TASK DETAILS:
With the images removed, repeat the data below exactly.

SUPPLIED MATERIAL:
* * * * * * *

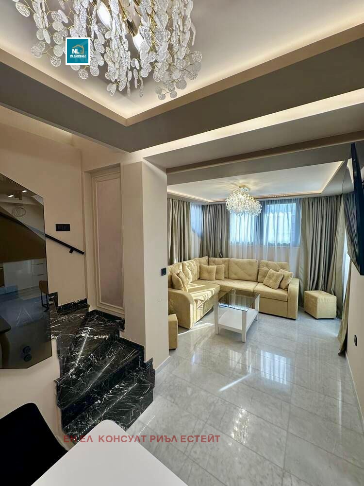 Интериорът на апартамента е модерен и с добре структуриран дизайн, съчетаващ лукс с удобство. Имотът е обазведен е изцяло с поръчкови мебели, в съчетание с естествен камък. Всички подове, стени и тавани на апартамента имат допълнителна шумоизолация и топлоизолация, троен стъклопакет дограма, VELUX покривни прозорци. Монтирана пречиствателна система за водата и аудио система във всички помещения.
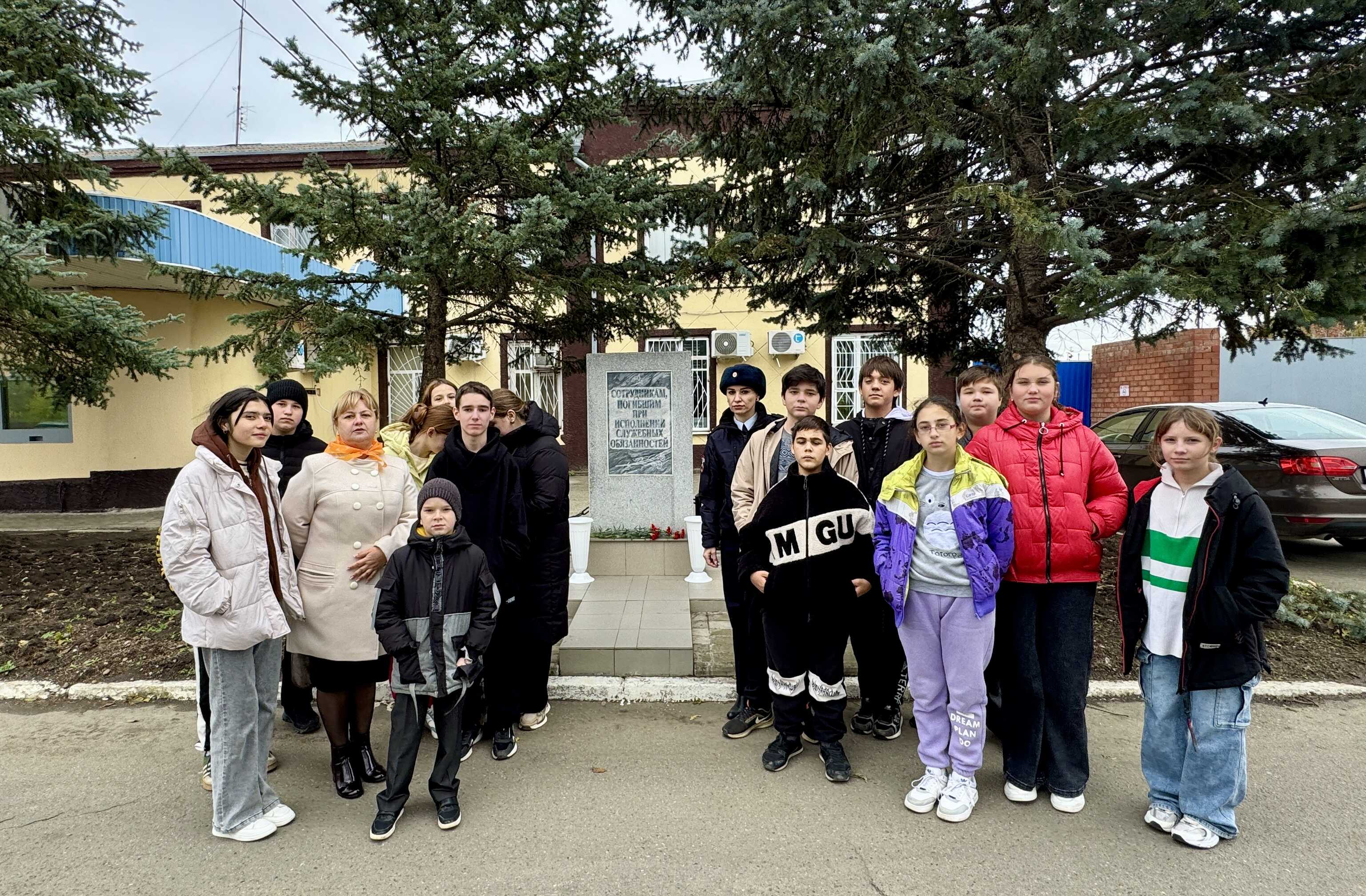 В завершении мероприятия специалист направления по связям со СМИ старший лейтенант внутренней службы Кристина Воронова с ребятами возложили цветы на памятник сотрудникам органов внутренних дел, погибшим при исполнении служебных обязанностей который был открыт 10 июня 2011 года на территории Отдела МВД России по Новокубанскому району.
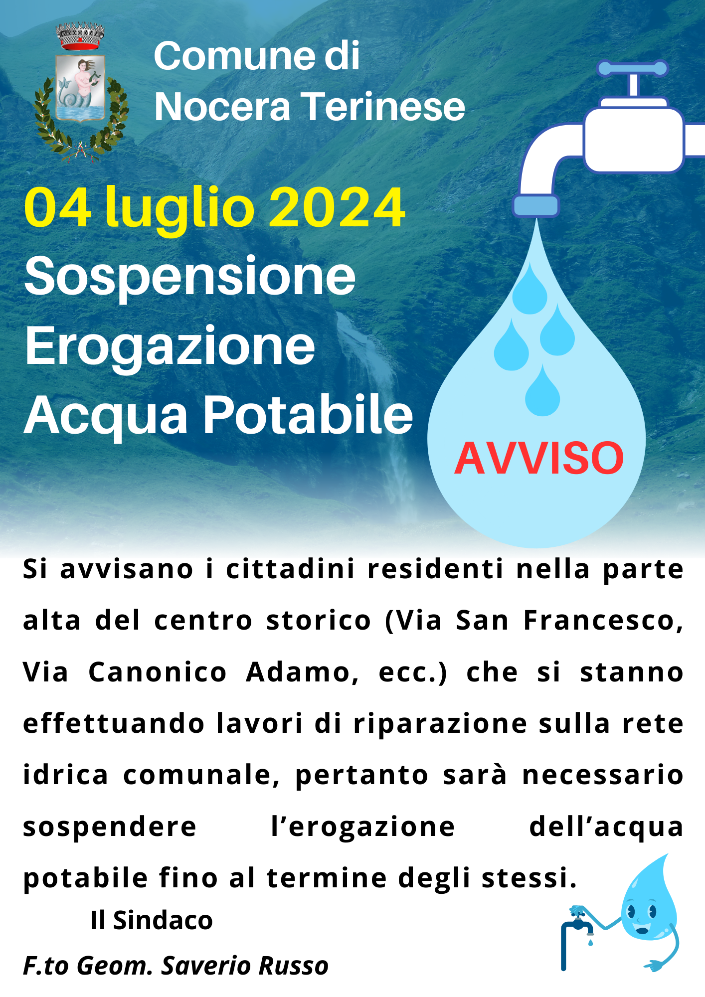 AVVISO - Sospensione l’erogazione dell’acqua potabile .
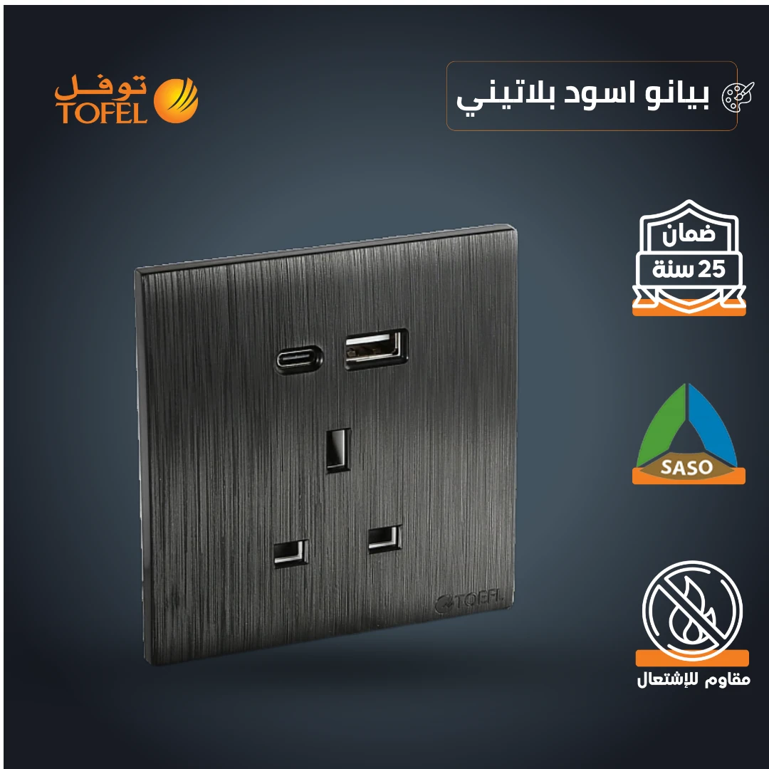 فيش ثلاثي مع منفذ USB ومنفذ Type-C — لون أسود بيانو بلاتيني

* * * * * * *

RESULT:
 Интериорът на апартамента е модерен и с добре структуриран дизайн, съчетаващ лукс с удобство. Имотът е обазведен е изцяло с поръчкови мебели, в съчетание с естествен камък. Всички подове, стени и тавани на апартамента имат допълнителна шумоизолация и топлоизолация, троен стъклопакет дограма, VELUX покривни прозорци. Монтирана пречиствателна система за водата и аудио система във всички помещения.
 В завершении мероприятия специалист направления по связям со СМИ старший лейтенант внутренней службы Кристина Воронова с ребятами возложили цветы на памятник сотрудникам органов внутренних дел, погибшим при исполнении служебных обязанностей который был открыт 10 июня 2011 года на территории Отдела МВД России по Новокубанскому району.
 AVVISO - Sospensione l’erogazione dell’acqua potabile .
 فيش ثلاثي مع منفذ USB ومنفذ Type-C — لون أسود بيانو بلاتيني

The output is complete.